Good for you, Sandie! Did you have to cut out absolutely all fat? I'm a vegetarian, and I would find it very difficult to go without fat (I use a lot of veg oils, and inordinate amounts of cheese), so it might be a challenge if you decide to go that way, but then again I have a cheese thing.  

Chris


----------



## AnnMarie (Aug 10, 2007)

Good for you, Sandie, I hope it's adding to greater comfort and mobility for you.


----------



## Sandie_Zitkus (Aug 10, 2007)

kr7 said:


> Good for you, Sandie! Did you have to cut out absolutely all fat?
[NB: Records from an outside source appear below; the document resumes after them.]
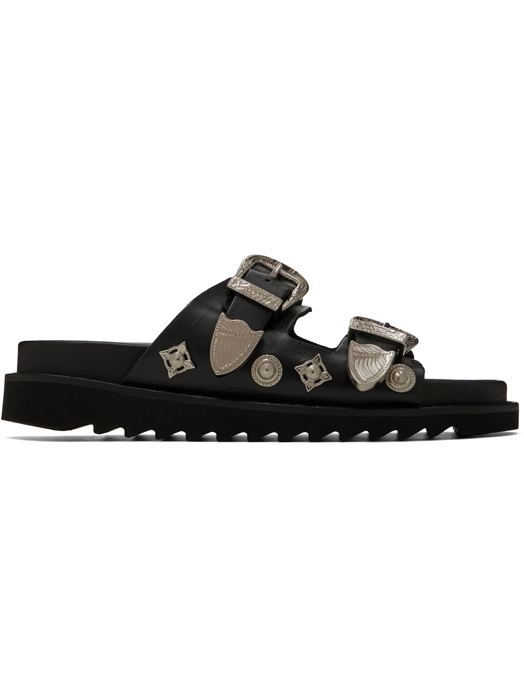 Buffed leather flat sandals in black. · Graphic hardware throughout · Open toe · Pin-buckle straps at vamp · Logo stamp at molded leather footbed · Buffed leather lining · Treaded foam rubber platform sole · Engraved silver-tone hardware · Platform: H1.5" Supplier color: Black Upper: leather. Sole: rubber. Made in Portugal 251609F124002
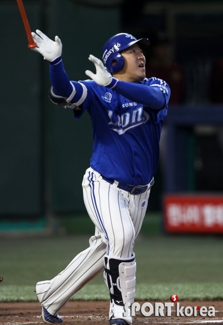 7일 오후 서울 목동야구장에서 열린 ‘2015 타이어뱅크 KBO 리그’ 넥센 히어로즈와 삼성 라이온즈의 경기에서 삼성 4번 최형우가 3회초 1사 후 비거리 125미터 우중월 솔로홈런을 날리고 있다.
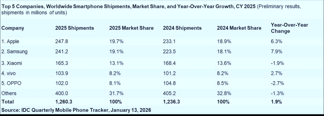 IDC数据显示,2025年全年OPPO出货量为1.02亿台,同比下降2.7%,市场份额8.1%,落后于vivo,排名第五,较2024年下降一位。但若加上realme的销量,OPPO的整体出货量将有望向排名第三的小米发起冲击。
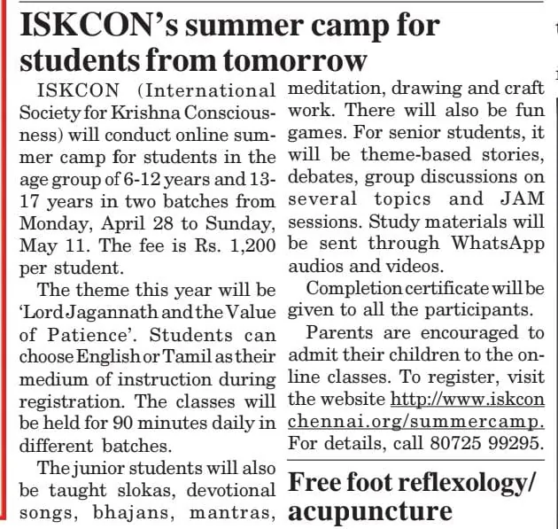 Press release by Anna Nagar Times – Published in Page II – April 27, 2025
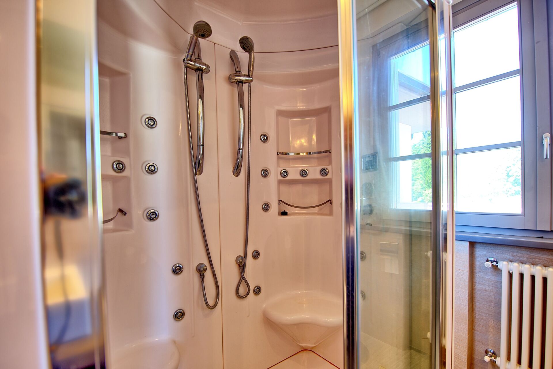 1.Stock: Wohnzimmer mit TV, Küche (Backofen, Gefrierschrank, Spülmaschine), großes Doppelzimmer und Doppelschlafcouch ( fuer 2 Kinder geeignet ) mit Zugang zur Terrasse und privatem Bad mit Hydromassage-Dusche / Türkischem Bad), 2 Doppelzimmer , Bad mit Whirlpool-Badewanne und Dusche, Doppelzimmer mit Ehebett, Bad mit Dusche.

I'm a vegetarian, and I would find it very difficult to go without fat (I use a lot of veg oils, and inordinate amounts of cheese), so it might be a challenge if you decide to go that way, but then again I have a cheese thing.
> 
> Chris




Right now because of the gal bladder it is no fat. But after it is gone I will be adding olive oil back but I can't eat cheese anyway - lactose intolerant. I thinking - eggs and fish veg.


----------



## Sandie_Zitkus (Aug 10, 2007)

AnnMarie said:


> Good for you, Sandie, I hope it's adding to greater comfort and mobility for you.




Thank you AnnMarie!


----------